Automating Inequality (and APIs)

As we prepare for APIStrat in Nashville, TN this September 24th through 26th, I asked my partner in crime Audrey Watters (@audreywatters) to write a post on the significance of Virginia Eubanks, the author of Automating Inequality: How High-Tech Tools Profile, Police, and Punish the Poor keynoting the conference–she shared this story, of why her work is so significant, and why it is important for the API community to tune in.

Repeatable tasks can and should be automated – that’s an assertion that you’ll hear all the time in computing.

Sometimes the rationale is efficiency – it’s cheaper, faster, “labor-saving.” Automation will free up time; it will make our lives easier. Or so we’re told.

Sometimes automation is encouraged in order to eliminate human error or bias.

Increasingly, automation is eliminating human decision-making altogether.
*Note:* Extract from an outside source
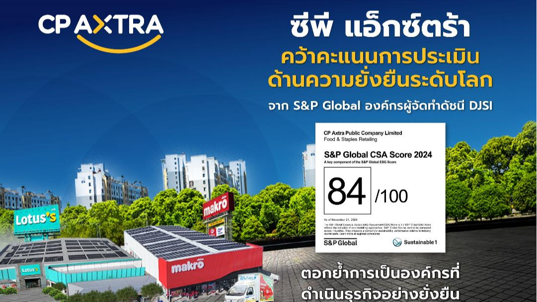 ซีพี แอ็กซ์ตร้า คว้าคะแนนการประเมินด้านความยั่งยืน 84/100 คะแนน สูงเป็นอันดับ 4 ของโลก ในกลุ่มอุตสาหกรรม Food & Staples Retailing จาก S&P Global องค์กรผู้จัดทำดัชนี DJSI ตอกย้ำการเป็นองค์กรแห่งความยั่งยืนในระดับสากล
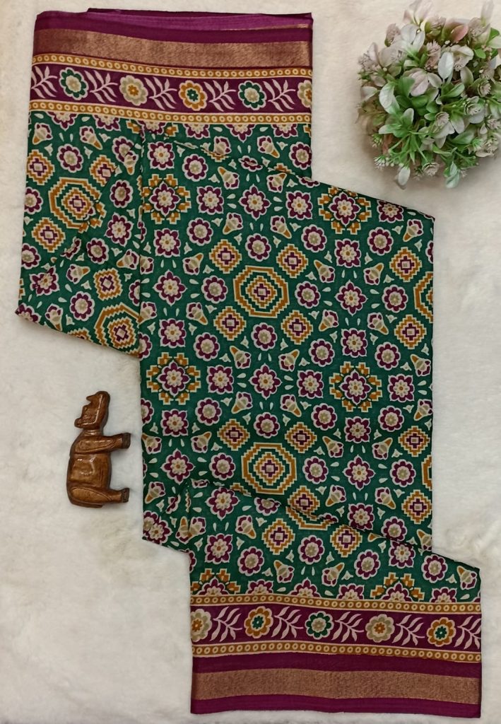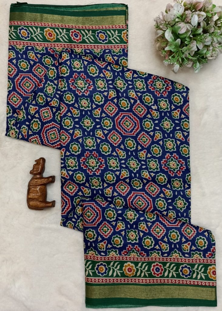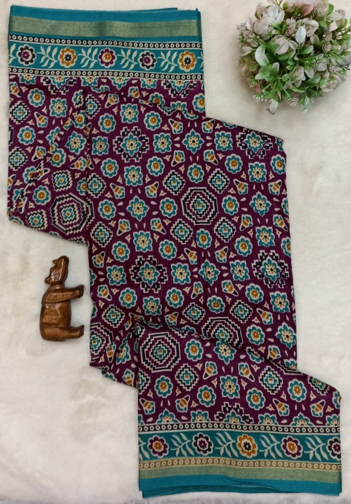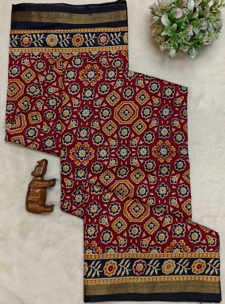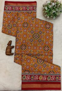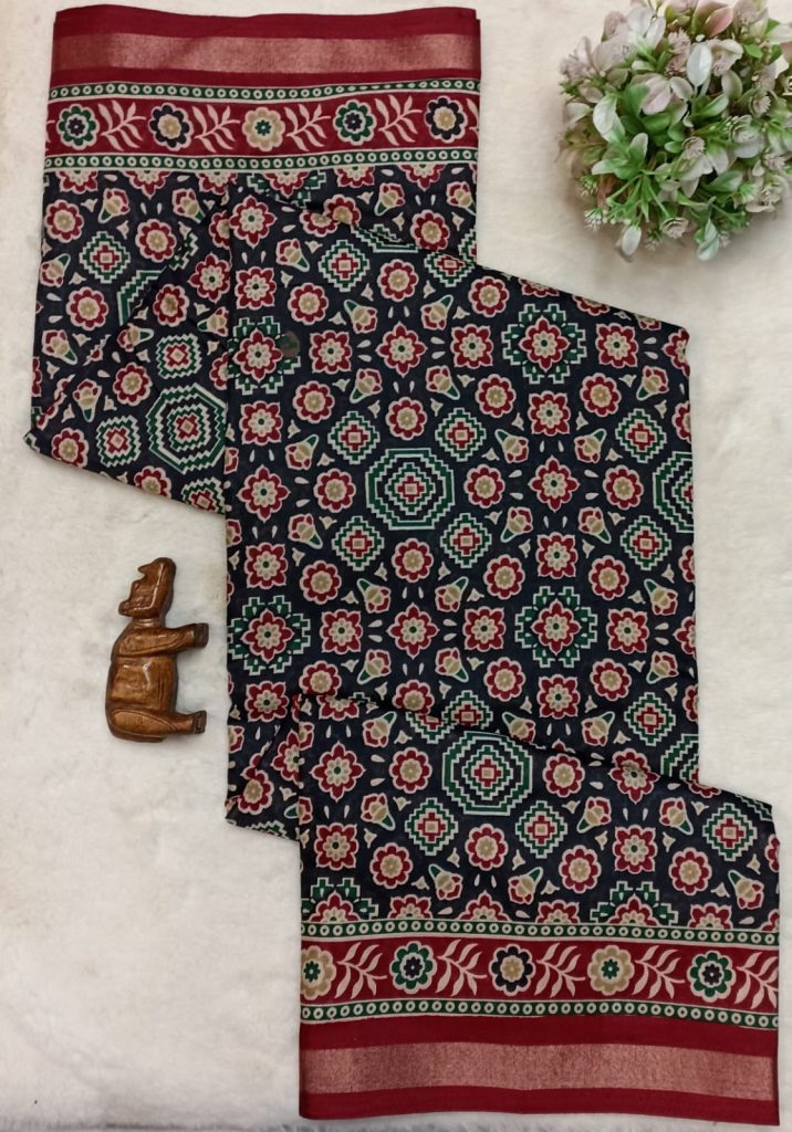 Exclusive Ajrak Print soft Chanderi silk with attached BP

And in doing so, let’s be clear, neither bias nor error are removed; rather they are often re-inscribed. Automation – algorithmic decision-making – can obscure error; it can obscure bias.

This push for more automated decision-making works hand-in-hand with the push for more data collection, itself a process that is already shaped by precedent and by politics. And all this, of course, is facilitated by APIs.

APIs are commonly referred to as a “glue” of sorts – the implication, more often than not, is that APIs are simply a neutral technology holding larger technical systems together. But none of this is neutral – not the APIs and not the algorithms and not the databases.

These technologies are never neutral in their design, development, or implementation. The systems that technologies exist in – organizationally, economically, politically, culturally – are never neutral either.

It seems imperative that those building digital technologies begin to think much more critically about the implications of their work, recognizing that the existing inequalities in the analog systems are readily being ported to the digital sphere.

This makes the work of one of the keynote speakers at this fall’s API Strategy and Practice conference so particularly timely: Virginia Eubanks is a political science professor at the University of Albany, SUNY and the author of Automating Inequality: How High-Tech Tools Profile, Police, and Punish the Poor. The book is a powerful work of ethnography, chronicling the ways in which data mining, predictive modeling, and algorithmic decision-making reproduce and even exacerbate inequalities in housing, health care, and social welfare services. “The digital poorhouse” Eubanks calls it.

“When we talk about the technologies that mediate our interactions with public agencies today,” she writes, “we tend to focus on their innovative qualities, the ways they break with convention. Their biggest fans call them ‘disruptors,’ arguing that they shake up old relations of power, producing government that is more transparent, responsive, efficient, even inherently more democratic.” This argument overlooks the ways in which new technologies are necessarily entangled in old systems of power. Moreover, those building these technologies benefit from a privilege that both shields them from and blinds them to the ramifications of their work on those most marginalized politically and economically.

Without a purposeful effort to address systemic inequalities, technologies will only make things worse. APIs will only make things worse. Instead, we must be part of the work of rethinking these old systems, listening to those on the margins, and reorienting our technological practices towards equity and justice.